Hwaseong Fortress is a fortification surrounding the old city center of Suwon. It was built over a two and a half-year period, from 1794 to 1796, under the command of King Jeongjo (r. 1776-1800) of the Joseon dynasty (1392-1910).

The construction of this fortress was a result of meticulous city planning by King Jeongjo. The Suwon area had long been regarded as one of the most auspicious sites on the Korean peninsula. So, the king moved the grave of his father, Prince Sado, from Yangju (present-day Hwigyeong-dong, Seoul) to Suwon in 1789.

Due to the relocation of the tomb of Prince Sado, a new city was required to accommodate the former residents of the area. The king hired prominent scholars and engineers to build the new city as a secure, convenient, and prosperous one.

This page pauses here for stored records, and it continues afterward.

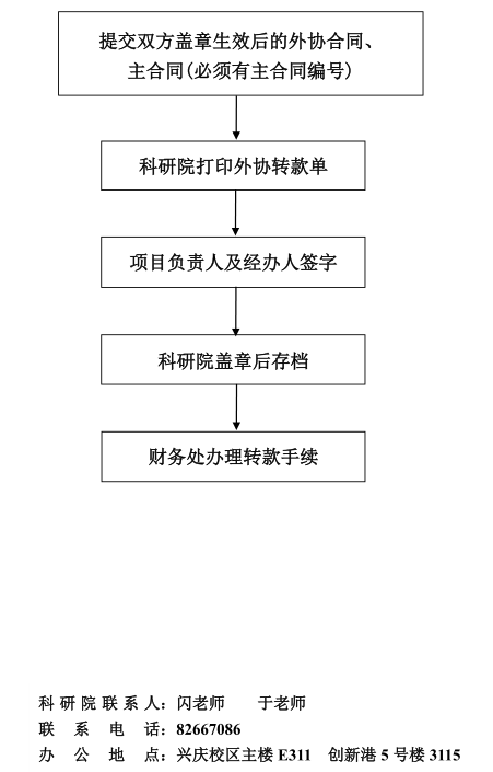 财务处办理转款手续,在财务系统打印报销单,报销内容选择外协费,并附合同以及转款单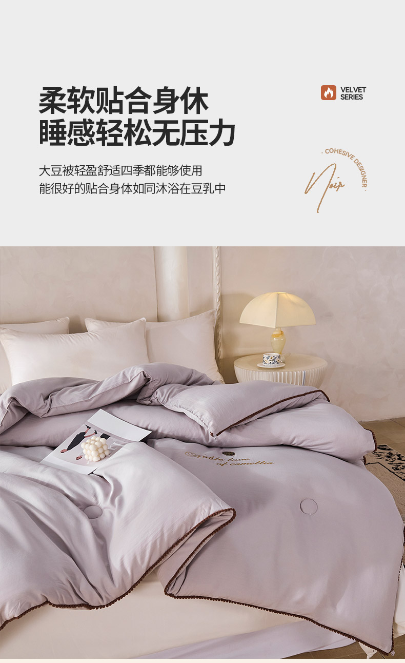爱诗诺家纺 2025年新款3D立体烫画亲肤保暖云纱棉大豆被被子被芯 云纱棉-灰(主图2)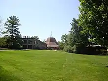 Calvin acquired the 166-acre (0.67 km2) property in the mid-1950s and began a process of turning a biologically diverse farm into a center for Christian higher education.[41] The master plan for the site was developed in 1957 by William Beye Fyfe, an adherent of the Prairie School of architecture.[42] Working with President Spoelhof, Fyfe came up with a set of design principles for the campus aimed to both symbolically represent and physically promote such ideals as the integration of faith and learning; integration of administration, faculty, and students; and the inter-relatedness of all the disciplines.[42]
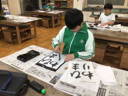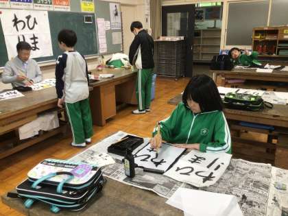 書写の時間です。ひらがなで「ひまわり」の字を練習しました。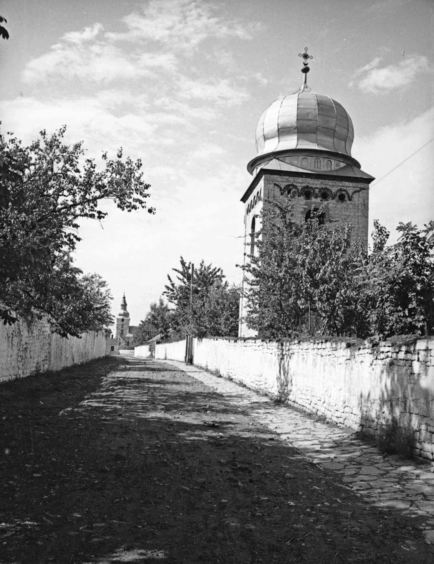 На фото дзвіниця біля церкви Покрови Пресвятої Богородиці в Заліщиках. Змурована у 1930 році Підноситься над муром, який відокремлював територію морелевого саду і церковне подвір’я від міської вулиці.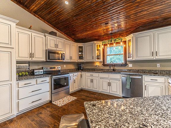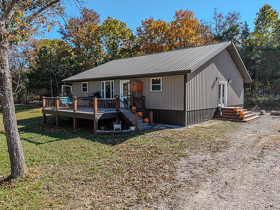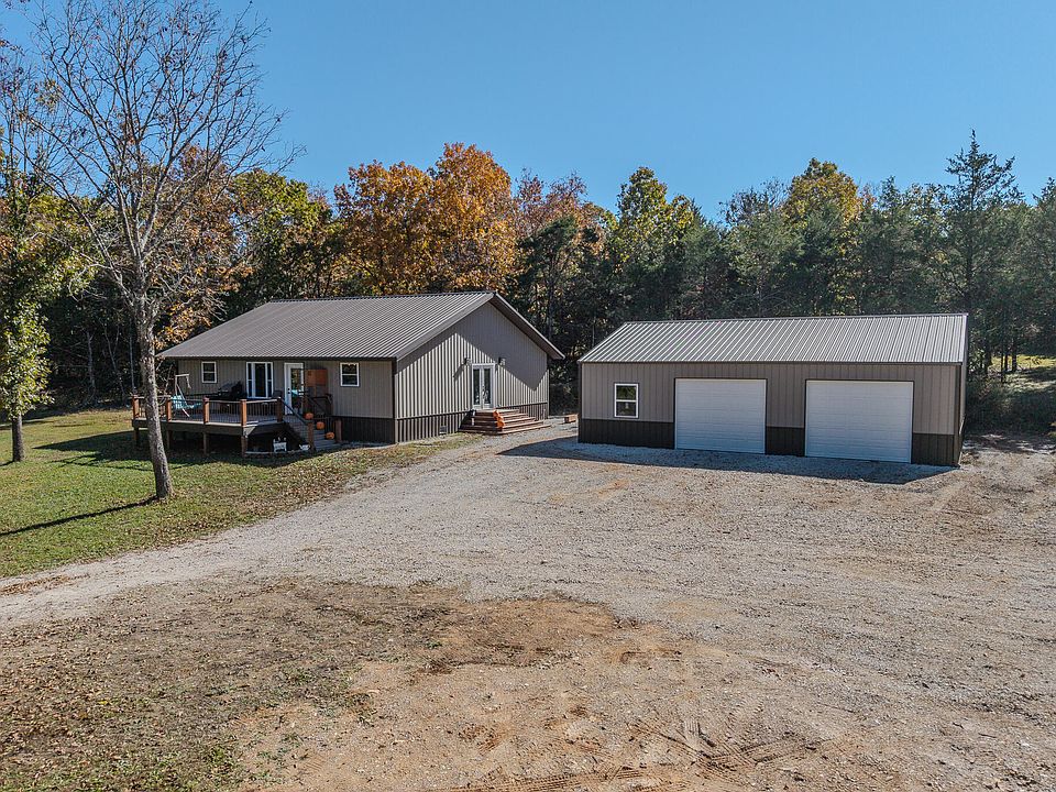 Discover your own private slice of the Ozarks with this beautiful new home, perfectly situated on 9.6 secluded acres set back off the road for ultimate peace and privacy. Step inside to an inviting open-concept floor plan featuring laminate floors throughout the kitchen, dining, and living areas. The stunning tongue-and-groove vaulted ceilings add warmth and character, making this home truly stand out. The spacious kitchen is a dream for anyone who loves to cook or entertain, featuring beautiful custom cabinetry, granite countertops, a large island with seating, and stainless steel appliances. It flows seamlessly into the dining area and expansive living room -- the perfect setup for family gatherings or get-togethers with friends. The split-bedroom floor plan offers privacy for the primary suite, complete with a large en suite bath boasting double sinks, a tiled walk-in shower, and a generous walk-in closet. Bedrooms two and three are comfortably sized with ample closet space, while the main bath includes tiled floors, a single vanity, and a tub/shower combo. Additional features include a spacious utility room with extra cabinets and a folding area, and a low-maintenance front deck with Trex decking and welded metal railings -- ideal for enjoying the tranquil surroundings. Outside, you'll find a brand-new 30x40 shop with concrete floors, power, and plumbing for water -- perfect for hobbies, storage, or a workspace. The shop also features two 10x8 garage doors for easy access and functionality. With nearly 10 acres to explore, this unique property combines modern comfort with the serene beauty of the Ozarks. Don't miss your chance to call this peaceful retreat home!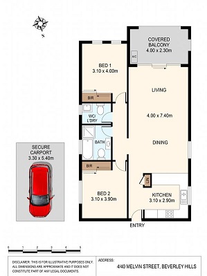 This two bedroom unit is located on the first floor of a small well maintained security block in a good location. It is conveniently positioned in a quiet street of Beverly Hills with a short walk to the train station, shops, parks and schools.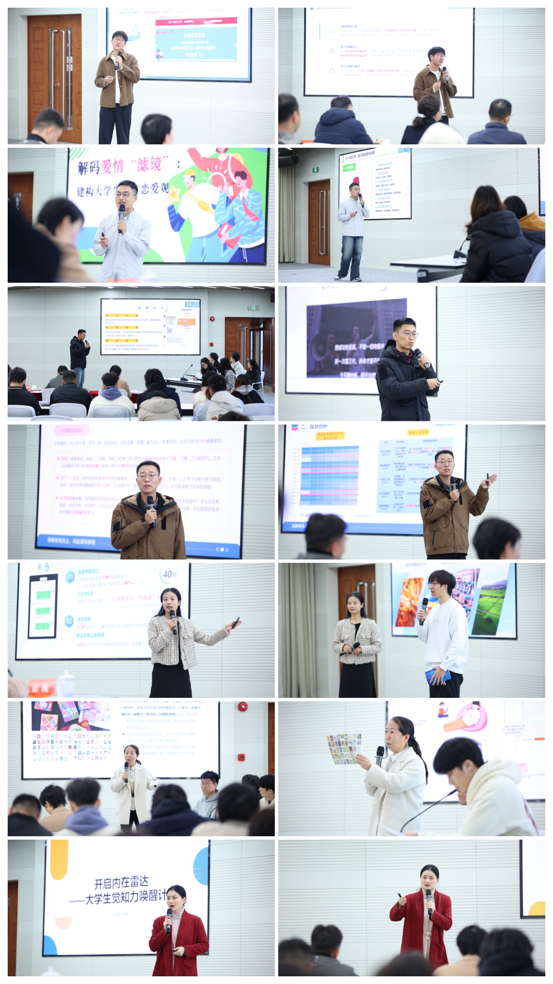 本次活动自9月启动以来,经过各学院推荐选送、教案设计与说课展示等多轮筛选,最终有8位辅导员脱颖而出,晋级现场展示环节。该环节重点考察辅导员对党的创新理论的学习宣传阐释能力,以及主题班会的现场组织、语言表达等核心素养。参赛选手紧扣大学生成长需求,围绕“反诈防诈安全守护”“理性恋爱观建构”“学风建设强化提升”“专业使命担当培育”“摆脱手机束缚与觉知力唤醒”等贴近学生生活的主题,精心设计班会流程。在限定时间内,他们以多元视角切入,将鲜活案例、详实数据与专业理论深度融合,通过情景模拟、互动讨论、视频分享等丰富形式,生动展现了主题班会的思想引领力与育人实效性,赢得现场阵阵掌声。

The fortified walls of the new city, named Hwaseong, maintained the traditional Korean style, as they were constructed in accordance with the natural slopes of the area. Bricks were used to solidify and strengthen the walls, and the walls featured several advanced technologies and defense facilities from China and the West. Also, located at a transportation juncture to the south of the capital area, Hwaseong had many economic benefits.

Hwaseong Fortress is considered as a masterpiece of Joseon architecture, and in recognition of its outstanding universal value, it was registered on the UNESCO World Heritage list in 1997.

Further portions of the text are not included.